### Action item
Take the lines from the head of the listing through the one bearing "Portrait of a" and copy them exactly, leaving every picture out.

### Input for this task
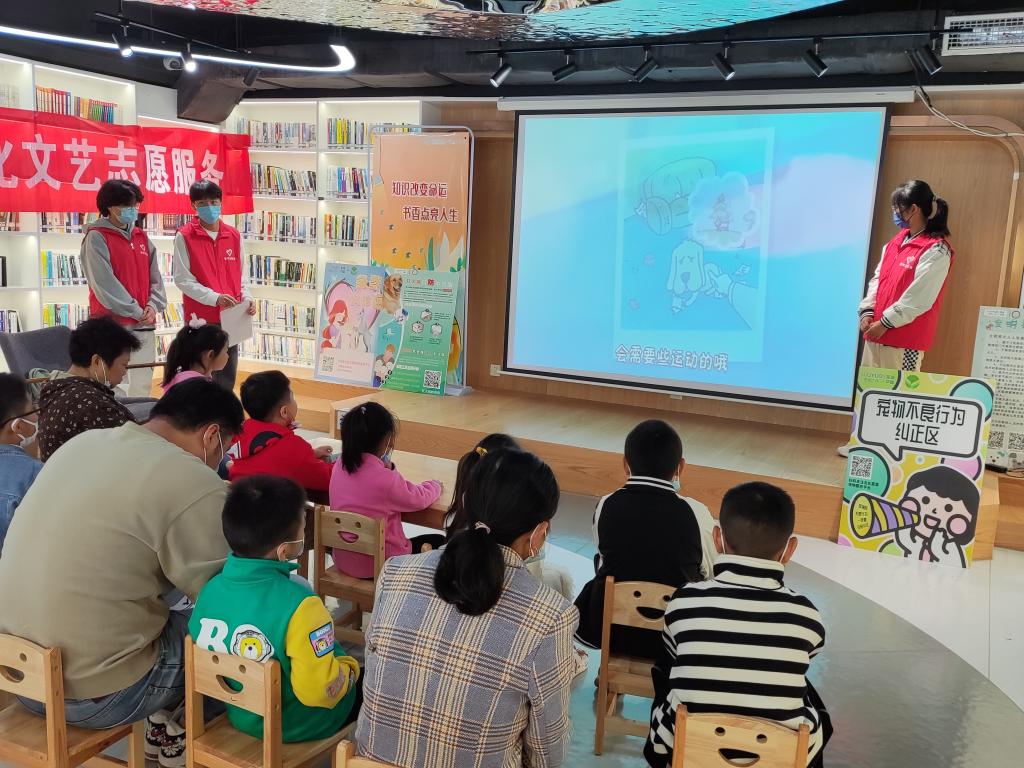 本次活动主要面向中江书苑少儿读者及周边市民传播文明养宠知识。随着人们生活水平的提高,养宠家庭逐渐增多,如何加强社区养宠管理,维护公共秩序和环境卫生成为人们普遍关心的问题。活动现场,青年志愿者们向居民发放《芜湖市养犬管理条例》宣传手册,普及文明养犬相关知识,同时结合科普视频动画讲解宠物传染病及接种疫苗等方面的专业知识,并呼吁养犬居民要主动到犬类管理部门办理养犬登记、按时为爱犬接种疫苗、以及一些日常护理常识等。志愿者通过耐心细致地讲解,进一步宣传和倡导文明养宠的重要性和长远意义。
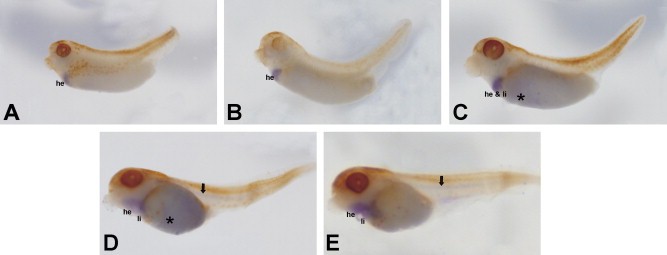 Fig. 4. Whole-mount in situ hybridization analysis of Xenopus vitronectin mRNA expression. Developmental stages (Nieuwkoop and Faber, 1967) shown are (A) stages 37â38, (B) stage 39, (C) stage 40, (D) stage 43 and (E) stage 44. The vitronectin transcripts were first detected at embryonic stages 37â38 in the outline of the heart and gastrointestinal tract. At later stages, the expression in these embryonic regions was increased and at stage 43 it starts to be detected in the notochord. he, heart; li, liver; asterisk, gastrointestinal area; arrows, notochord.
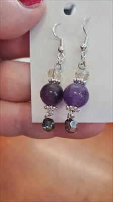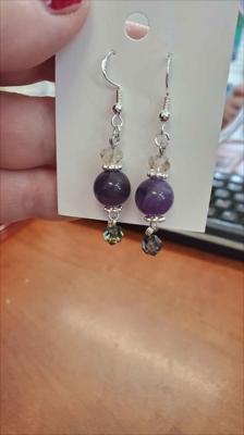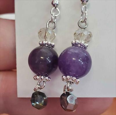 Boucles d'oreilles en pierres violettes naturelles ornées de cristaux Swarovski sur des supports en argent.
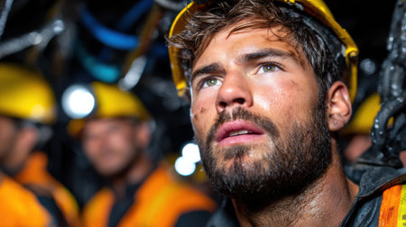 Portrait of a tired worker in a yellow hard hat on a dark background, Generative AI
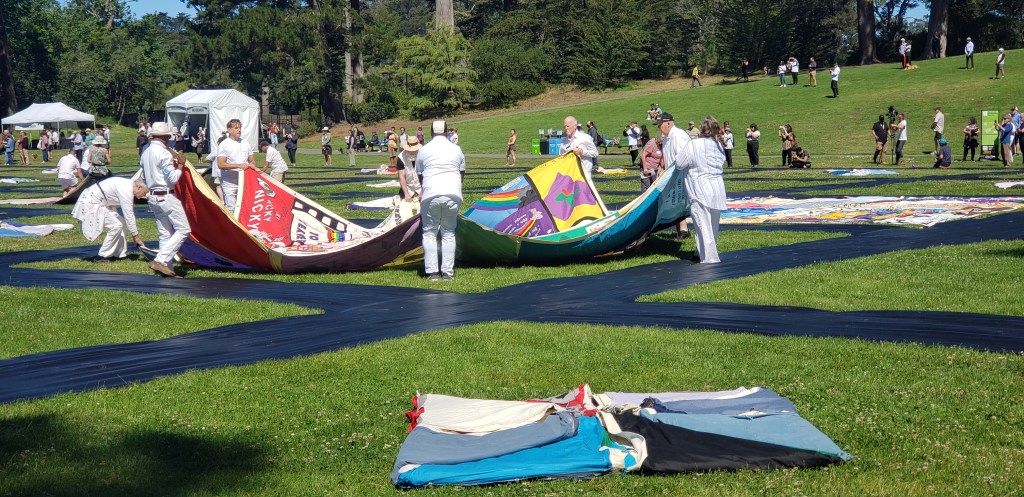 This morning I attended the opening ceremonies for the display of the AIDS Memorial Quilt. My friend Marjorie and I arrived at Robin Williams Meadow in Golden Gate Park as Quilt co-founder Mike Smith addressed the assembly. The quilt lay in sections, folded, each within a grassy rectangle demarcated by vinyl walkways. The day has been beautiful throughout. The vistas Golden Gate Park affords were particularly sharp today. The gathering was calm, peaceful, reflective. Toward the end of a succession of speakers’ addresses attendants began the ritual of unveiling the quilt sections while the names of those individuals represented by the displayed quilts were spoken. Only six percent of the entire quilt was on display.

### Response below
 本次活动主要面向中江书苑少儿读者及周边市民传播文明养宠知识。随着人们生活水平的提高,养宠家庭逐渐增多,如何加强社区养宠管理,维护公共秩序和环境卫生成为人们普遍关心的问题。活动现场,青年志愿者们向居民发放《芜湖市养犬管理条例》宣传手册,普及文明养犬相关知识,同时结合科普视频动画讲解宠物传染病及接种疫苗等方面的专业知识,并呼吁养犬居民要主动到犬类管理部门办理养犬登记、按时为爱犬接种疫苗、以及一些日常护理常识等。志愿者通过耐心细致地讲解,进一步宣传和倡导文明养宠的重要性和长远意义。
 Fig. 4. Whole-mount in situ hybridization analysis of Xenopus vitronectin mRNA expression. Developmental stages (Nieuwkoop and Faber, 1967) shown are (A) stages 37â38, (B) stage 39, (C) stage 40, (D) stage 43 and (E) stage 44. The vitronectin transcripts were first detected at embryonic stages 37â38 in the outline of the heart and gastrointestinal tract. At later stages, the expression in these embryonic regions was increased and at stage 43 it starts to be detected in the notochord. he, heart; li, liver; asterisk, gastrointestinal area; arrows, notochord.
 Boucles d'oreilles en pierres violettes naturelles ornées de cristaux Swarovski sur des supports en argent.
 Portrait of a tired worker in a yellow hard hat on a dark background, Generative AI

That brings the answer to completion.